実装例2 Union Findを用いたもの
N=10
A=[0,1,2,3,4,5,6,7,8]
B=[*range(N)]
for i in A:
B[i],B[i+1]=B[i+1],B[i]#この行までは実装例1と同じ
d=list(range(N))
e=[0]*N
def find(n):
global d
if n!=d[n]:
d[n]=find(d[n])
return d[n]
def join(a,b):
a,b=find(a),find(b)
global d,e
if e[a]<e[b]:
d[a]=d[b]
else:
d[b]=d[a]
e[a]+=(e[a]==e[b])
for i,j in enumerate(B):
join(i,j)#ループの入力と出力同士をつなぎます
ans=1
from math import lcm
for i in set(d):#グループの数だけ
f=d.count(i)#各グループの要素数との最大公約数を取る
ans=lcm(ans,f)
print(ans)
G - リスト圧縮!(1000)
想定されるAC解の実行ステップ数: $\Theta(\log(int(S)))$
リスト全列挙では最大の入力($S>10^{480}$)に間に合いません。
自然数と有限自然数列は見た感じ有限自然数列の方が圧倒的に多そうですが、実は同じ数だけあるという問題です。

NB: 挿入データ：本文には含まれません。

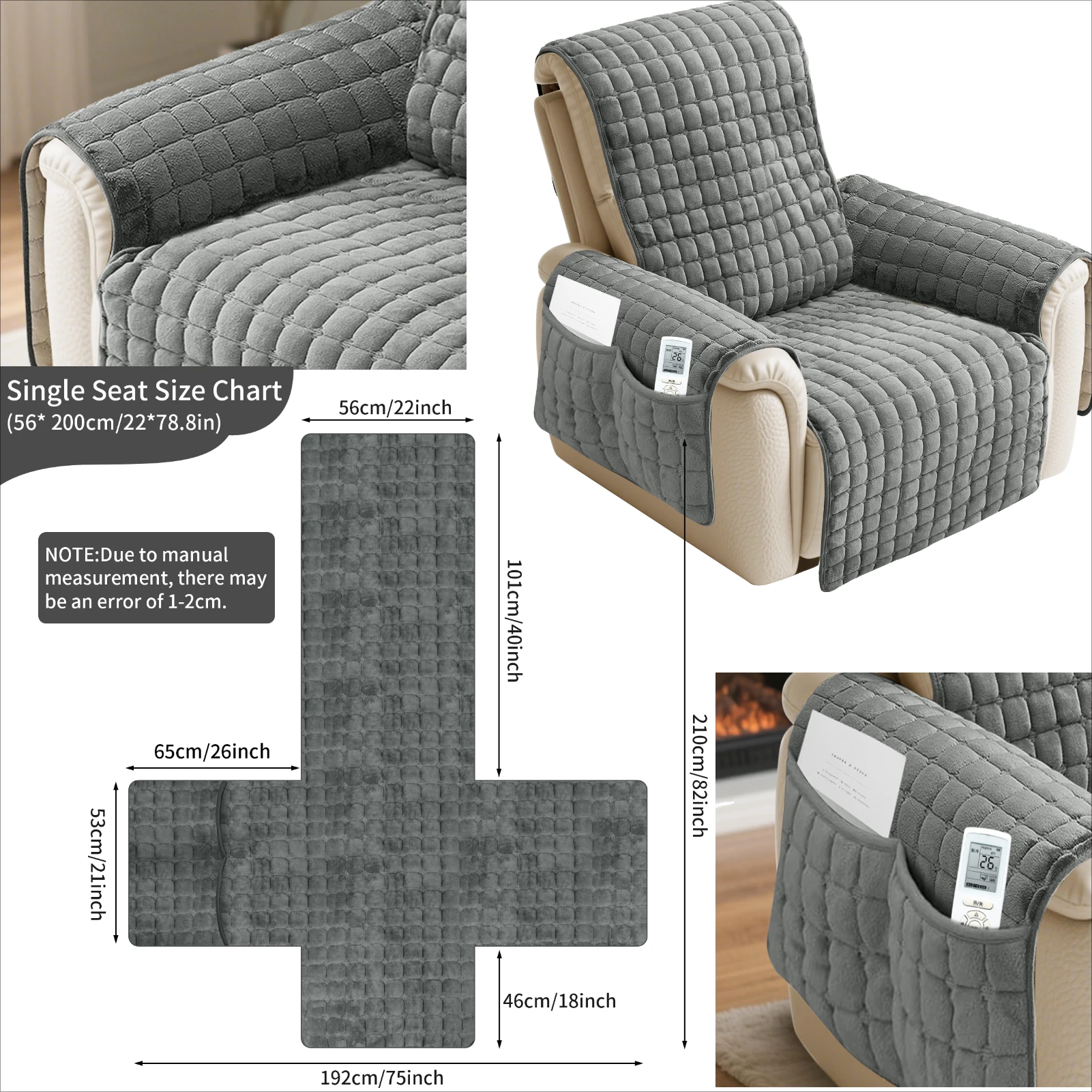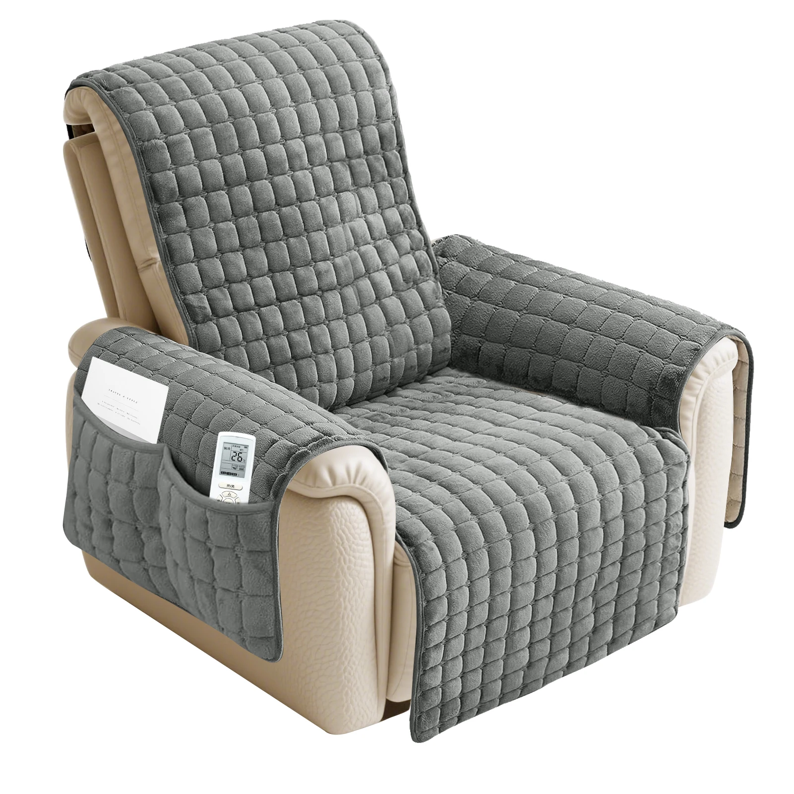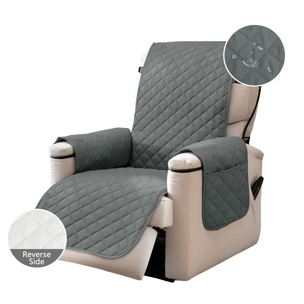 Transform your recliner into a cozy, protected haven with this elegant dark gray slipcover. Designed with multi-layer waterproof construction, it combines soft, skin-friendly waterproof fiber fabric, a waterproof TPU film, and plush textile padding to ensure durability and comfort. Its textured diamond quilting pattern adds a touch of luxury while enhancing its plush appearance. The sleek, solid color and clean edges, finished with ultrasonic crimping and pressed piping, give a polished look that complements any home decor. Practical yet refined, this cover shields your furniture from spills, pet fur, and everyday wear, making it perfect for fall and winter. Easy to install and care for, it's the ideal safeguard for busy households with pets and children.

実はこの問題では自然数とリストが実は1対1に結び付けられています。
アルゴリズムの流れは、
S→int(S)→(リストの長さと同じ長さの中でのRank)→目的のリスト
と求めるのが自然でしょう。
最後の変形はこの問題と同じように解けば良いです。
1000点問題はトイプロの順位に大きく影響するため、ここでは実装例をあえて載せません。
つよい人に解いてもらうのを楽しみにしています。
おわりに
今回の問題は、「数学の新たな学び」を意識して、教科書通りだけではちょっと難しい問題を作ったつもりです。
解いていて新たな発見があったり、解説を見て「そうだったのか!」といった学びがあったら良いな―と思います。
これらの問題の方針を2秒で理解できるレベルのつよつよさんには物足りなかったかもしれませんが、
すでにある程度学んでいないと解けないはずですので、すでに学びを得ているという意味では問題ないと思います。